No general counsel wants to be surprised by some event, not if a lawyer in the department had some inkling it happened or might happen. Drop-ins, phone calls, hallway chats, emails, and scheduled one-on-ones are all means by which the top lawyer keeps in the know about what’s going on.
Two other methods showed up in a presentation by Bart Colli, the general counsel of Aramark, in a PLI handbook regarding internal investigations (at 861). Colli’s single bullet point reads: “What the General Counsel Needs to Know memo to be operative at all times/Written staff reports monthly.”
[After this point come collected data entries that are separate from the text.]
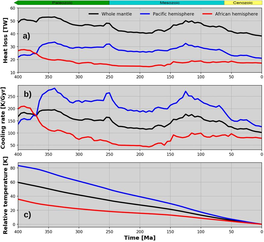 Результаты оказались поразительными. За 400 миллионов лет Тихоокеанское полушарие остыло примерно на 50 Кельвинов (градусов по шкале Кельвина) сильнее, чем Африканское. Это прямое доказательство того, что география поверхности напрямую влияет на тепловую эволюцию всей планеты.
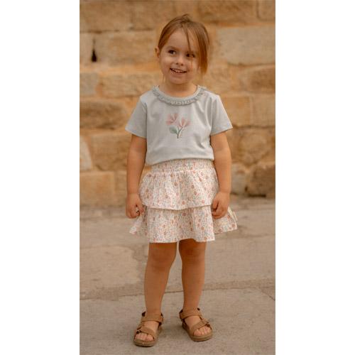 Deze rok, gemaakt van comfortabele crinkle-kwaliteit stof met stretch, is versierd met de vrolijke en kleurrijke Fairy Garden Flower-print.
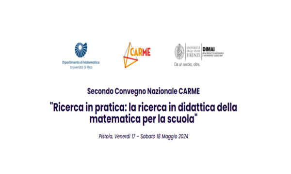 Il Dipartimento di Matematica e Informatica “Ulisse Dini” dell’Università degli studi di Firenze, il Dipartimento di Matematica dell’Università di Pisa e il CARME (Center for Advanced Research in Mathematics Education) di Pistoia, organizzano la seconda edizione del convegno “Ricerca in pratica: la ricerca in didattica della matematica per la scuola”, iniziativa di formazione e sviluppo professionale rivolta a insegnanti ed educatori di tutti i livelli scolari, aperta anche a studenti universitari, dottorandi, giovani ricercatori, e a tutti gli interessati.

I presume Colli has made it clear that if he ought to know something, put it in a brief memo to him. Different lawyers will have different thresholds for how often they send off such an update, but it certainly sets the tone: keep me posted! The second method, monthly staff reports, happens at more legal departments of much size. I have concerns that they become sclerotic, rote, and degenerate into self-promotion, but a general counsel can enforce standards (See my post of Aug. 1, 2006: burdens and benefits of staff reports; June 25, 2007: status reports to clients as an aid to setting priorities; Sept. 1, 2008: online wiki-like status reports; Jan. 13, 2008: report legal issues handled, not time; Nov. 23, 2008: status reports don’t clearly show how hard lawyers work.).